# Source material
---+---
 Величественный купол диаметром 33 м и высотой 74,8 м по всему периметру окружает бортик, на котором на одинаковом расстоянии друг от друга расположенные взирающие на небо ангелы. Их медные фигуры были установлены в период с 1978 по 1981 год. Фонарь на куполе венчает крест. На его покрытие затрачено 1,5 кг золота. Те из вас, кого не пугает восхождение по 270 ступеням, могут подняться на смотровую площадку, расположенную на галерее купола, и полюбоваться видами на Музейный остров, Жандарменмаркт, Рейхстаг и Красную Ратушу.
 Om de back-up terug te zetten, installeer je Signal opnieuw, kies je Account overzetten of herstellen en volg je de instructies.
---+---
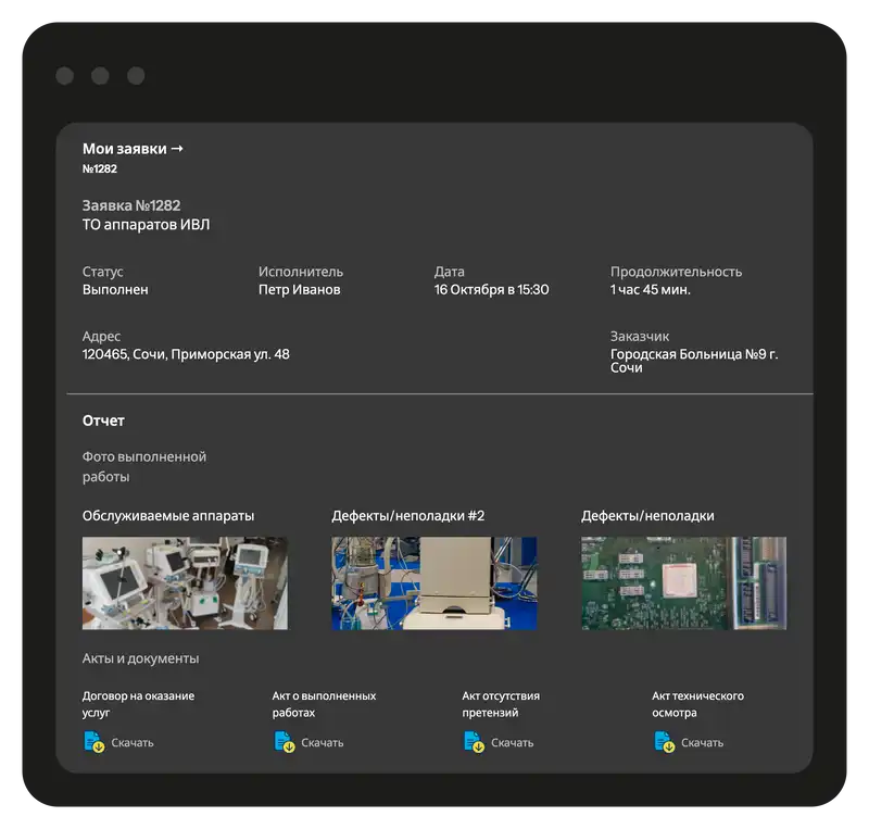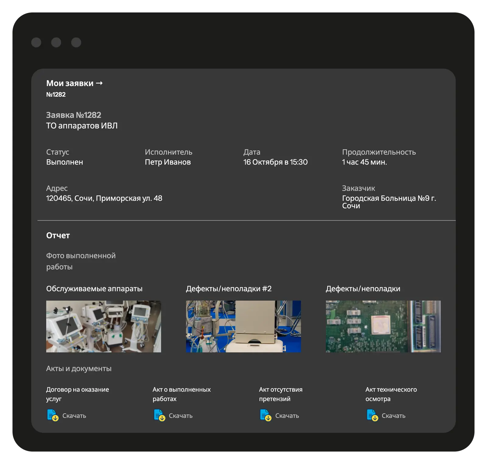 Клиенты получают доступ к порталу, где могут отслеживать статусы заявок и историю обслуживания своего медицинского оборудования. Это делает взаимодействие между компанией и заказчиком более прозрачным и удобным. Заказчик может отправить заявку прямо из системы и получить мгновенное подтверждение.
---+---
# Assigned task
All lines above from the one containing "Величественный купол диаметром" to the one containing "Om de back-up" must be repeated exactly, both lines included, and no others.

# Result of the exercise
 Величественный купол диаметром 33 м и высотой 74,8 м по всему периметру окружает бортик, на котором на одинаковом расстоянии друг от друга расположенные взирающие на небо ангелы. Их медные фигуры были установлены в период с 1978 по 1981 год. Фонарь на куполе венчает крест. На его покрытие затрачено 1,5 кг золота. Те из вас, кого не пугает восхождение по 270 ступеням, могут подняться на смотровую площадку, расположенную на галерее купола, и полюбоваться видами на Музейный остров, Жандарменмаркт, Рейхстаг и Красную Ратушу.
 Om de back-up terug te zetten, installeer je Signal opnieuw, kies je Account overzetten of herstellen en volg je de instructies.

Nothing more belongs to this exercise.